FTSE250 William Hill Plc publishes its provisional outcomes for 2019 (26-week period ending July 2), detailing strong progress on the company’s five-year business transformation plan (announced November 2018) concentrating on the three key fields of digital development, US market growth and retail realignment.
William Hill, updating investors, said H1 2019 trading reflected the’ different challenges and opportunities ‘ the group is attempting to tackle during a strategic transition era.
William Hill’s CEO, Philip Bowcock, commented: “We are making good progress against the five-year strategy outlined last year, delivering strong revenue growth in the US and other international markets and positioning William Hill well for future growth.” The FTSE betting group records a 1% increase in group revenues to £ 811 million (H12018: £ 802 million) impacted by the UK’s £ 2 stake cap.
The trading period saw exceptional items and adjustment costs for William Hill totaling £ 114 million, of which the bookmaker allocates £ 97 million to retail’ mitigation measures,’ including the suggested closure of 700 betting stores.
The betting group also reports another £ 60 million capital spending on technology investments that support its US market growth strategy.
Bowcock added: “In the US, both in Nevada and in the new countries, we continue to grow quickly with over $1bn wagering in the first quarter with us. We are now living in eight countries and will grow into at least two more countries in H2. “William Hill announced in detail that his expanded online business has overcome his period of improved client due diligence measures’ with year-on-year effects set to end.’
“With Mr Green’s takeover, online international sales have risen sharply, up 66 percent,” Bowcock said. “We are becoming increasingly diverse with non-UK markets now contributing a third of online sales, up from just 24% last year.

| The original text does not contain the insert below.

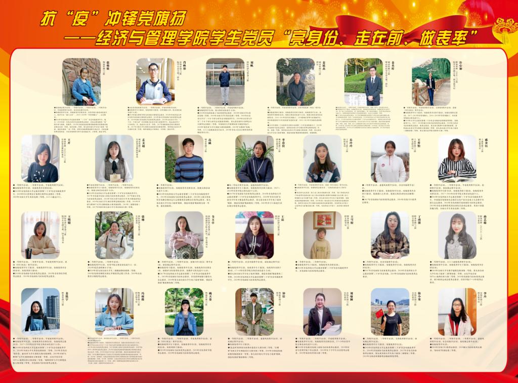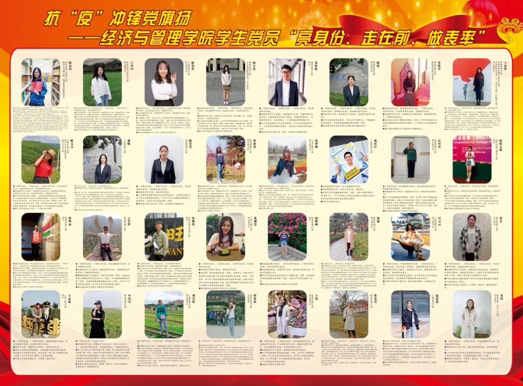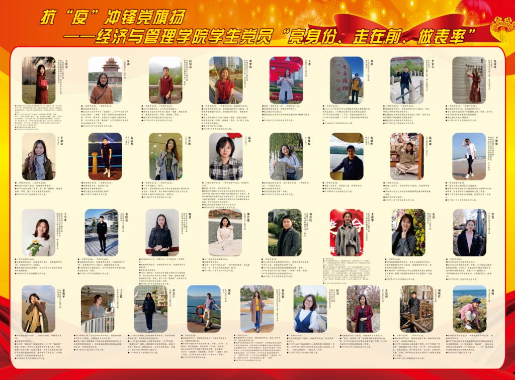 为引领学生党员高擎党旗,筑牢堡垒,理性思考,勇于担当,做具有责任意识的宣传员,有奉献精神的示范员,带头贴心服务的联络员,充分发挥先锋模范作用,坚决打赢疫情防控阻击战,经管学院于3月份组织举办“抗‘疫’冲锋党旗扬——经管学院党员‘亮身份、走在前、做表率’主题活动”,现将活动成效展示如下:

In the UK, performance has improved by half, up seven percent in Q2, as we manage the tax and regulatory impacts. “Closing a busy period of high activity and cost, William Hill declared £ 76 million in’ adjusted’ group operating profits, down 33 percent from £ 113 million in H1 2018.

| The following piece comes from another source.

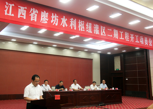 9月22日上午,廖坊水利樞紐灌區(qū)二期工程開工動員會召開。省委常委、常務副省長毛偉明出席并講話;市委書記肖毅主持,市委副書記、市長張鴻星致辭,水利部建管司副司長張嚴明、省發(fā)改委主任吳曉軍、省水利廳副廳長廖瑞釗參會并講話;公司總經理徐洪良代表項目參建單位在會上作表態(tài)發(fā)言;省直有關部門領導,撫州市四套領導班子成員,撫州市相關單位領導及項目參建各方代表參加了會議。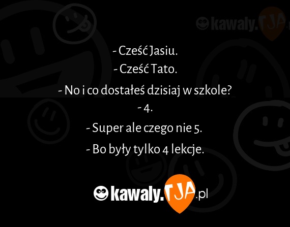 - Cześć Jasiu. - Cześć Tato. - No i co dostałeś dzisiaj w szkole? - 4. - Super ale czego nie 5. - Bo były tylko 4 lekcje.

The company added: “We continue to make significant progress in working with other significant operators on a package of initiatives to improve gambling security and solve government gambling issues.
“The second, following the voluntary ban on advertising whistle-to-whistle, was a commitment to increase our funding for research, education and treatment and was formally announced in the House of Commons on 2 July by the Secretary of State for the Department of Communications, Culture, Media and Sport (DCMS).
“As Shadow Secretary of State and the Gambling Commission, Tom Watson also welcomed this. We do not see this as the end of our duties and we continue to work with the sector to create extra policies to safeguard our clients, in line with our vision that gambling does not harm anyone.